◆ **Listed records**:

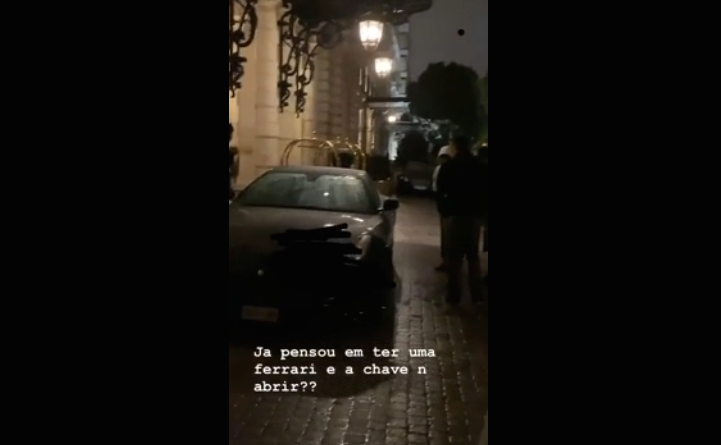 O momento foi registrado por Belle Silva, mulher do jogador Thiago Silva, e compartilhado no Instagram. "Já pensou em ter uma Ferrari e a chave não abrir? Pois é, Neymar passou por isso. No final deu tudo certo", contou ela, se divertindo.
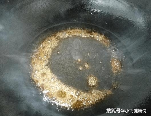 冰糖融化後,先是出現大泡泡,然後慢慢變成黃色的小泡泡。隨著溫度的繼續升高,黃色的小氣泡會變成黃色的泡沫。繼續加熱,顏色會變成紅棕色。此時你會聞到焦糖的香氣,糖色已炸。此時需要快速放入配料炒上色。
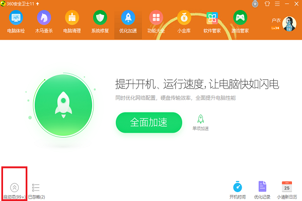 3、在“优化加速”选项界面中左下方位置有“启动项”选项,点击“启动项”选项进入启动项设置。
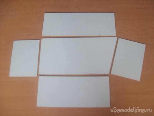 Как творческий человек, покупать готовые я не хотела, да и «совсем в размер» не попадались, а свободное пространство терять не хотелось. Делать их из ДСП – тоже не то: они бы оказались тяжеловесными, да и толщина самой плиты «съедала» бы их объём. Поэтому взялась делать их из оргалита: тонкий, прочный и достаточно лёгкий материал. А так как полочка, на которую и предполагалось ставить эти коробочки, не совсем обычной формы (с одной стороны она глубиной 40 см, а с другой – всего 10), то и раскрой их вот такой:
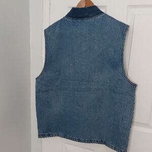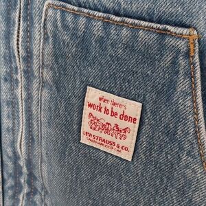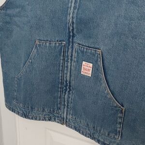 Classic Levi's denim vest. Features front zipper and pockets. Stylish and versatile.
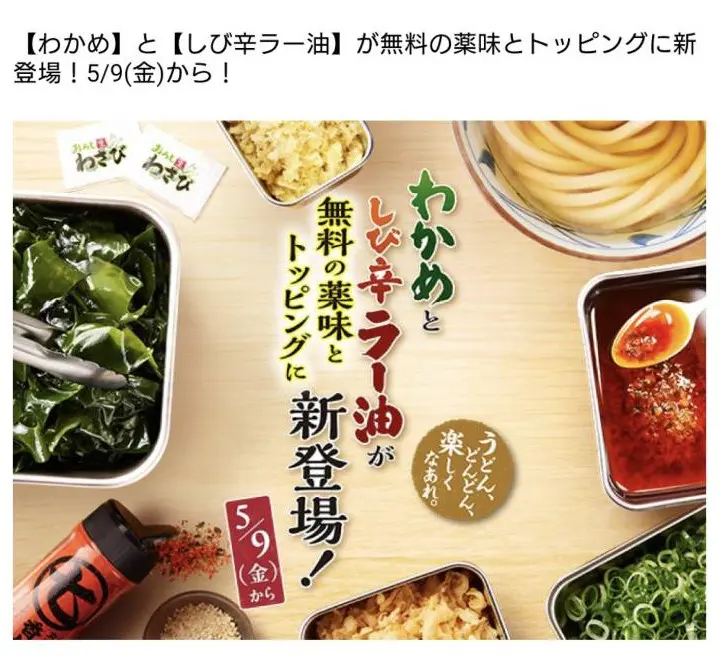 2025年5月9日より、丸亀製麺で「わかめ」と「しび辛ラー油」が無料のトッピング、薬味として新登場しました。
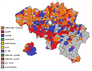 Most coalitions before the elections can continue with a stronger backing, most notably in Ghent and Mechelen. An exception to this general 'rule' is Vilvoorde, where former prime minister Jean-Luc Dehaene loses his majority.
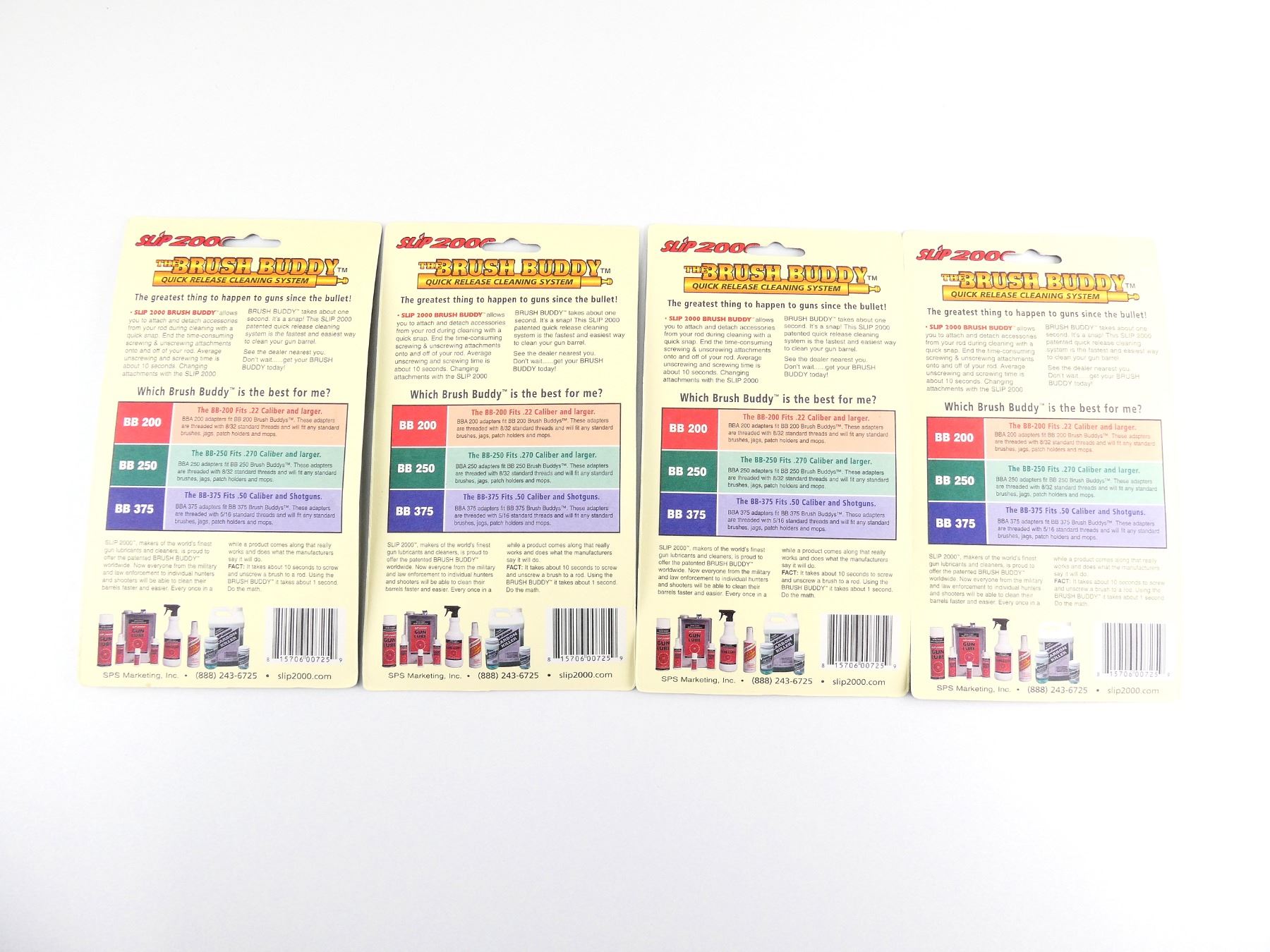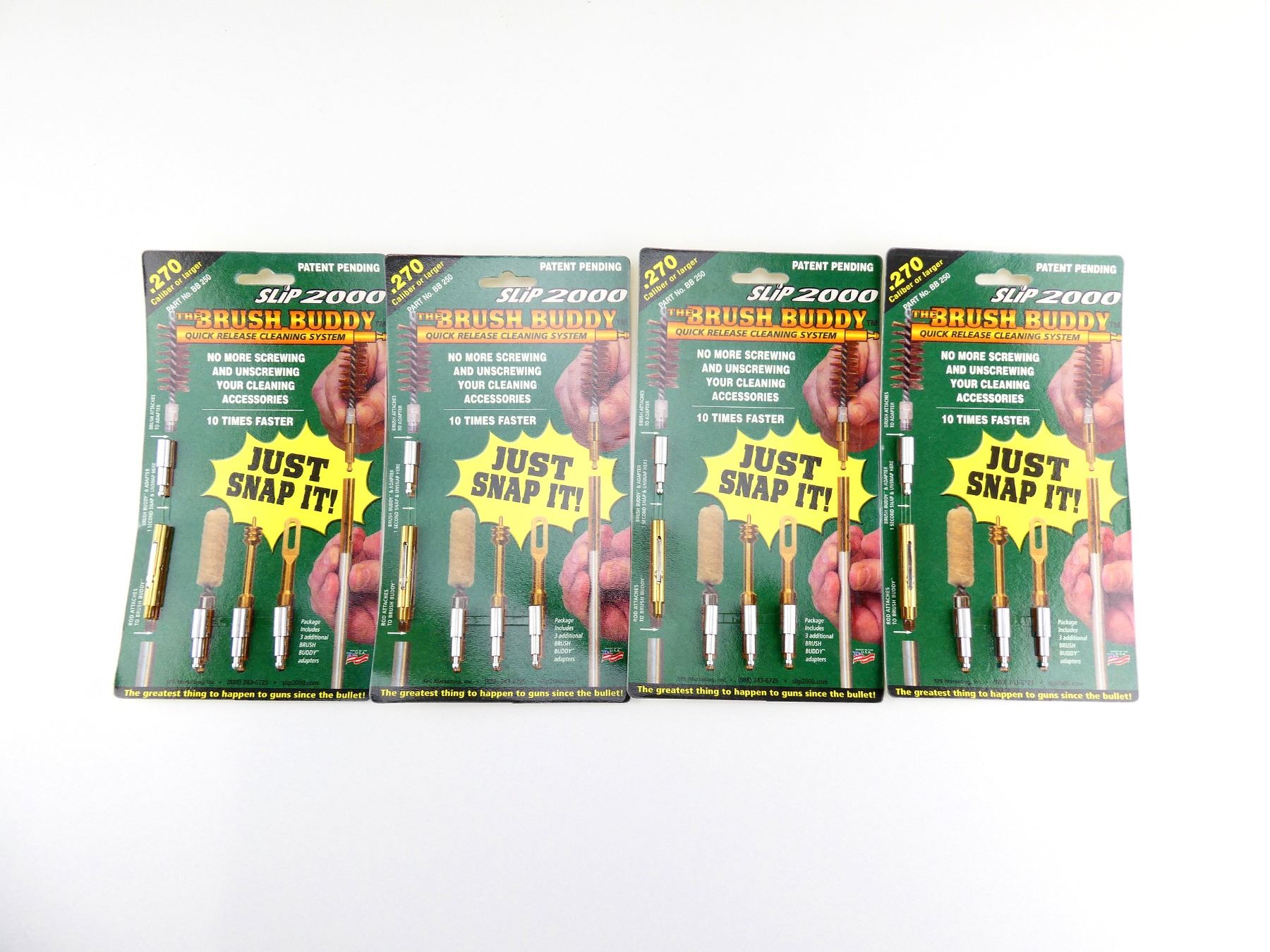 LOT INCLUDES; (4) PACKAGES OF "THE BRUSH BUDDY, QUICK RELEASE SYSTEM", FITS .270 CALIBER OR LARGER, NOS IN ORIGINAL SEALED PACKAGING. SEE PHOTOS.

---

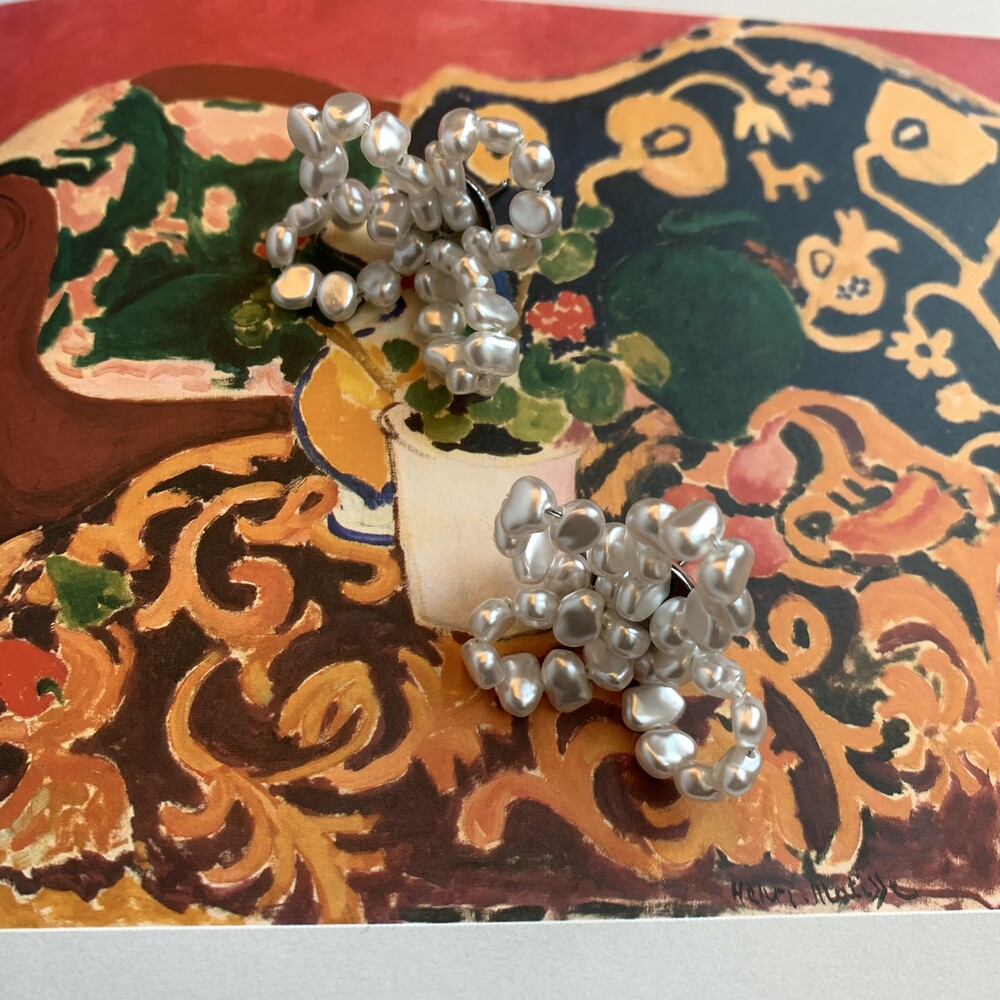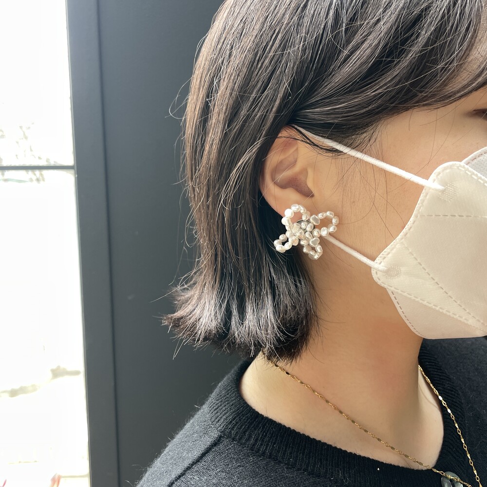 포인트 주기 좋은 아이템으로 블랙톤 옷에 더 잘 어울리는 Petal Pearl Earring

◆ **Goal of the exercise**:
Repeat, word for word, the lines of the material above from the one holding "Classic Levi's denim" through the one holding "LOT INCLUDES; (4)". Leave out pictures.

◆ **Answer to the exercise**:
 Classic Levi's denim vest. Features front zipper and pockets. Stylish and versatile.
 2025年5月9日より、丸亀製麺で「わかめ」と「しび辛ラー油」が無料のトッピング、薬味として新登場しました。
 Most coalitions before the elections can continue with a stronger backing, most notably in Ghent and Mechelen. An exception to this general 'rule' is Vilvoorde, where former prime minister Jean-Luc Dehaene loses his majority.
 LOT INCLUDES; (4) PACKAGES OF "THE BRUSH BUDDY, QUICK RELEASE SYSTEM", FITS .270 CALIBER OR LARGER, NOS IN ORIGINAL SEALED PACKAGING. SEE PHOTOS.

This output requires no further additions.